--- About this exercise ---
When the line containing "Tištěno antikvou, živá" is found in the data below, copy it and each line after it through the line containing "Succulent Terrarium Coasters", exactly and with no others.
Top of Data shown
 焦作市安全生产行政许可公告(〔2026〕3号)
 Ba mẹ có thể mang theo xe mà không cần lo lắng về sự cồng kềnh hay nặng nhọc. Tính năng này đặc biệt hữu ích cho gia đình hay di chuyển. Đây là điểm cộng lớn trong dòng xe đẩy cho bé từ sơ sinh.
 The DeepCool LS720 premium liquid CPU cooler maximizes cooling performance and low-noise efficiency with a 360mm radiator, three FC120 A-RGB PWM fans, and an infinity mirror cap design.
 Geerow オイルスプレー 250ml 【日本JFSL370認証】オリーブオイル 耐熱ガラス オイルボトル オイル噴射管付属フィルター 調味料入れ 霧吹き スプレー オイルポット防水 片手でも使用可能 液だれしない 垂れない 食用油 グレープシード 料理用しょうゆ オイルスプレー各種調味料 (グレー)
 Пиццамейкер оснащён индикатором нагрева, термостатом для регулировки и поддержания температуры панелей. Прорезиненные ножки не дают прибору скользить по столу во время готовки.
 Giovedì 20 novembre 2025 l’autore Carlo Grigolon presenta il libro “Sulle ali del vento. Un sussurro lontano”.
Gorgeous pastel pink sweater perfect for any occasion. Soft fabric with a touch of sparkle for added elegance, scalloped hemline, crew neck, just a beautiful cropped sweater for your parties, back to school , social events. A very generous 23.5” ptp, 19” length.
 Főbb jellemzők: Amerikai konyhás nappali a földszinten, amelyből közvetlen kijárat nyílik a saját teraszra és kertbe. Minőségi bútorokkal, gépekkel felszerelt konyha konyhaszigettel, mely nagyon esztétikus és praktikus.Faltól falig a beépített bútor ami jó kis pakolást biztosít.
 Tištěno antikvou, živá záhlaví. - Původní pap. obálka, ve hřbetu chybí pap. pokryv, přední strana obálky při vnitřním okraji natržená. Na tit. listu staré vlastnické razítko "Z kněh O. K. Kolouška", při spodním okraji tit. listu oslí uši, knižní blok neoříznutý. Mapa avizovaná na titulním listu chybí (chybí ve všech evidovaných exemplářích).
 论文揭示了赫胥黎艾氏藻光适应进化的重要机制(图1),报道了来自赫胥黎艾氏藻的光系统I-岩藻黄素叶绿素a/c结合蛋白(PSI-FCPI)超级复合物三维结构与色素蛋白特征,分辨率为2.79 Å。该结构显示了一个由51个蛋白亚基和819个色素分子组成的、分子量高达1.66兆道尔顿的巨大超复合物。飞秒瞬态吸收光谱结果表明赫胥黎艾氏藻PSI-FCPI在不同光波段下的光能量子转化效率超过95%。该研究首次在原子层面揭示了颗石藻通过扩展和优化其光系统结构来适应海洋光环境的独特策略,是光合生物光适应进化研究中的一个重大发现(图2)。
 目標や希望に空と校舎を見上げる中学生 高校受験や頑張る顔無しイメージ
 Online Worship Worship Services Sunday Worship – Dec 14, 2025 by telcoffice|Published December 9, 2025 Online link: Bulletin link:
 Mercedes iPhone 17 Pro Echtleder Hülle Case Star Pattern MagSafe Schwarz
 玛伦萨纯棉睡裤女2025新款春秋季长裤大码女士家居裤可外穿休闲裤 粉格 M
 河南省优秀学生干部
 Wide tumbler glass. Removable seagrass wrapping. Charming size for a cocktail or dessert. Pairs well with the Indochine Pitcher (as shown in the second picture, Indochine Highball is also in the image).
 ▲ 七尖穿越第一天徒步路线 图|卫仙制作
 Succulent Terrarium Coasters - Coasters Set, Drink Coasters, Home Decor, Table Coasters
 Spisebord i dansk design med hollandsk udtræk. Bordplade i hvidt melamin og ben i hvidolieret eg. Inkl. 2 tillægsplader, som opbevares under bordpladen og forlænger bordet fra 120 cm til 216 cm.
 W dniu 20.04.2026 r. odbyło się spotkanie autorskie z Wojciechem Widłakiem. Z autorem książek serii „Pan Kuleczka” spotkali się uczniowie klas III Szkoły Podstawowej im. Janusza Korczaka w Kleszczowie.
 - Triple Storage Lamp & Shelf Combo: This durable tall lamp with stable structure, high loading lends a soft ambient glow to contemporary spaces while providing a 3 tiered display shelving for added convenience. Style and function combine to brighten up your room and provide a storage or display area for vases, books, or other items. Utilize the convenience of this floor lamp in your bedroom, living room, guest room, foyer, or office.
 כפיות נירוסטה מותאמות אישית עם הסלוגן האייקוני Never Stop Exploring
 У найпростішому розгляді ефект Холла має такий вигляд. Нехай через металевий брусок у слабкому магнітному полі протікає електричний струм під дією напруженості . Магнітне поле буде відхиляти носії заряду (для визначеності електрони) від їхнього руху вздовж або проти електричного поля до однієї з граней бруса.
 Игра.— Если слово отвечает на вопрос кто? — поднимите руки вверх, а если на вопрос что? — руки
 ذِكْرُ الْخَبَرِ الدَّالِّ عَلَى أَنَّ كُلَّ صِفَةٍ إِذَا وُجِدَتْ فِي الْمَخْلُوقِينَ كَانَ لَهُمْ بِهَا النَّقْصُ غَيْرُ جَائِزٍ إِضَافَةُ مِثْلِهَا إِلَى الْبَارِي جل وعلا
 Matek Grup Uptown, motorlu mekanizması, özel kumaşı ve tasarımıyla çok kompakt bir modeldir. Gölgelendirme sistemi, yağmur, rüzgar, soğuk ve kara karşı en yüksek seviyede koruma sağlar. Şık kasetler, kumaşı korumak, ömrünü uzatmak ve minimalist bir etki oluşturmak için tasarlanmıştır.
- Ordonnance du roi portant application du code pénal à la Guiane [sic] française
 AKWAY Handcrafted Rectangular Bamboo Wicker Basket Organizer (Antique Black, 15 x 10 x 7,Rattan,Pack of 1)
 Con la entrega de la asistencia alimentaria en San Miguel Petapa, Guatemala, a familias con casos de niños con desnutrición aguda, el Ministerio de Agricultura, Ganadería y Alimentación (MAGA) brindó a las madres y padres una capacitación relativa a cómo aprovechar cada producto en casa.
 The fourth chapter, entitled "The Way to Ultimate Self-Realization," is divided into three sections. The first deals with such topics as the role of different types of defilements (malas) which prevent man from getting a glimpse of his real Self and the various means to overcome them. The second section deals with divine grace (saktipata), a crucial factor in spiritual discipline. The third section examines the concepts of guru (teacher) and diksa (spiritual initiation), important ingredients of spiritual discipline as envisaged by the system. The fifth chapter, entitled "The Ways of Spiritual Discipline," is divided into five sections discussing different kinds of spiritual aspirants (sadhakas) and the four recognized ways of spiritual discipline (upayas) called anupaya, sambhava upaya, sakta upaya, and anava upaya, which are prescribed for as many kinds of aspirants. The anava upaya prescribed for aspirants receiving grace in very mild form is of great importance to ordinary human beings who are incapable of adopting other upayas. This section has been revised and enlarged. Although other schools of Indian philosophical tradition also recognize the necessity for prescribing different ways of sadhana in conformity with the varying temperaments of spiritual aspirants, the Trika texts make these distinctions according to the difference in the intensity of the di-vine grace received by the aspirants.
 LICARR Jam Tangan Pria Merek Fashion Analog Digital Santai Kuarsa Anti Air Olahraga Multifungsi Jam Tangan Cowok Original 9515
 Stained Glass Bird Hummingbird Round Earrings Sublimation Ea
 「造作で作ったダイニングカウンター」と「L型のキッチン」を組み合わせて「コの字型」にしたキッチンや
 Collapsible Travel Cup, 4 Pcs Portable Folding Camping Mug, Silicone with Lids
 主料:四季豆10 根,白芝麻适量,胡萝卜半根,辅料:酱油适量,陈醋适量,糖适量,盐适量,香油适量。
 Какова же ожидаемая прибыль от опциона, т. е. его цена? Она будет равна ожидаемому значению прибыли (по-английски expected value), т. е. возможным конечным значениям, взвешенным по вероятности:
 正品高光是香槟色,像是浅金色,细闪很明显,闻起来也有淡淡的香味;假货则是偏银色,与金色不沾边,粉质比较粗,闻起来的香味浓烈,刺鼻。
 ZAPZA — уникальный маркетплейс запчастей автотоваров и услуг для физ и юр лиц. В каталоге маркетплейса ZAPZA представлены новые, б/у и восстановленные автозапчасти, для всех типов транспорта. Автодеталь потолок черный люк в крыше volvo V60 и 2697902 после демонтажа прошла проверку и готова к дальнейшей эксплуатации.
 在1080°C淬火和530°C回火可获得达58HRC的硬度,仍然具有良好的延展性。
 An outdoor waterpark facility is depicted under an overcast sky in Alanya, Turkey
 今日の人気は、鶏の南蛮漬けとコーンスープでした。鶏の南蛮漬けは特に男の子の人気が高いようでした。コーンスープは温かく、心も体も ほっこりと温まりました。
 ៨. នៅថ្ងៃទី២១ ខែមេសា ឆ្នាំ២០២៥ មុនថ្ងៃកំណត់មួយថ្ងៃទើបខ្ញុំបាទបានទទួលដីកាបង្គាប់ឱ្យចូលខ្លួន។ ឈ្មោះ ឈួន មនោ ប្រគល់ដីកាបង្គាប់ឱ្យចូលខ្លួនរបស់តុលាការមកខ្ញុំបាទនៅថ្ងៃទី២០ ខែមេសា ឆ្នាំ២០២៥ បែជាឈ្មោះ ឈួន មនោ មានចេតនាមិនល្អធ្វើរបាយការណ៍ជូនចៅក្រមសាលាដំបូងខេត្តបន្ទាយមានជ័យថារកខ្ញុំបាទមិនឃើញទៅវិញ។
Bottom of Data shown
--- Expected answer ---
 Tištěno antikvou, živá záhlaví. - Původní pap. obálka, ve hřbetu chybí pap. pokryv, přední strana obálky při vnitřním okraji natržená. Na tit. listu staré vlastnické razítko "Z kněh O. K. Kolouška", při spodním okraji tit. listu oslí uši, knižní blok neoříznutý. Mapa avizovaná na titulním listu chybí (chybí ve všech evidovaných exemplářích).
 论文揭示了赫胥黎艾氏藻光适应进化的重要机制(图1),报道了来自赫胥黎艾氏藻的光系统I-岩藻黄素叶绿素a/c结合蛋白(PSI-FCPI)超级复合物三维结构与色素蛋白特征,分辨率为2.79 Å。该结构显示了一个由51个蛋白亚基和819个色素分子组成的、分子量高达1.66兆道尔顿的巨大超复合物。飞秒瞬态吸收光谱结果表明赫胥黎艾氏藻PSI-FCPI在不同光波段下的光能量子转化效率超过95%。该研究首次在原子层面揭示了颗石藻通过扩展和优化其光系统结构来适应海洋光环境的独特策略,是光合生物光适应进化研究中的一个重大发现(图2)。
 目標や希望に空と校舎を見上げる中学生 高校受験や頑張る顔無しイメージ
 Online Worship Worship Services Sunday Worship – Dec 14, 2025 by telcoffice|Published December 9, 2025 Online link: Bulletin link:
 Mercedes iPhone 17 Pro Echtleder Hülle Case Star Pattern MagSafe Schwarz
 玛伦萨纯棉睡裤女2025新款春秋季长裤大码女士家居裤可外穿休闲裤 粉格 M
 河南省优秀学生干部
 Wide tumbler glass. Removable seagrass wrapping. Charming size for a cocktail or dessert. Pairs well with the Indochine Pitcher (as shown in the second picture, Indochine Highball is also in the image).
 ▲ 七尖穿越第一天徒步路线 图|卫仙制作
 Succulent Terrarium Coasters - Coasters Set, Drink Coasters, Home Decor, Table Coasters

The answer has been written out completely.